_How to complete this task:_
From the line containing "The armies in" to the last line of the data below, copy everything exactly and nothing else; pictures stay out.

_Data excerpt:_
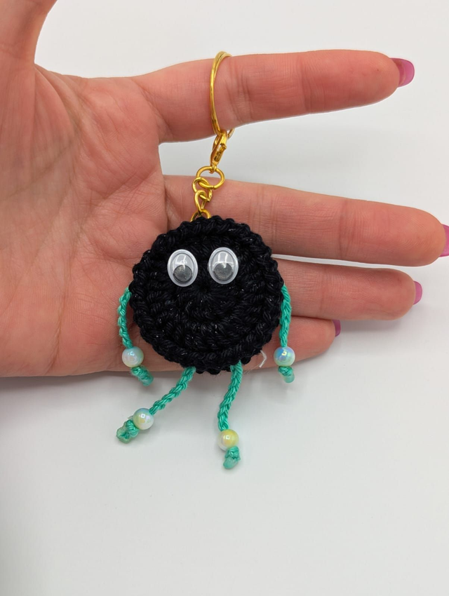 Laissez-vous séduire par ce porte-clés biscuit revisité, entièrement crocheté à la main en coton.
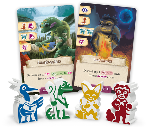 The armies in the game act independently, so you cannot control them directly. Instead, you get multi-use resource cards, which you can use to thwart their plans. You only get a few new cards each round, so you have to figure out when and how to make the best use of them.
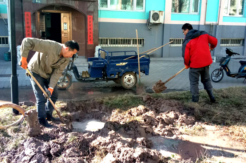 滄鹽新區(qū)黨支部組織搶修地暖管線

_Reply:_
 The armies in the game act independently, so you cannot control them directly. Instead, you get multi-use resource cards, which you can use to thwart their plans. You only get a few new cards each round, so you have to figure out when and how to make the best use of them.
 滄鹽新區(qū)黨支部組織搶修地暖管線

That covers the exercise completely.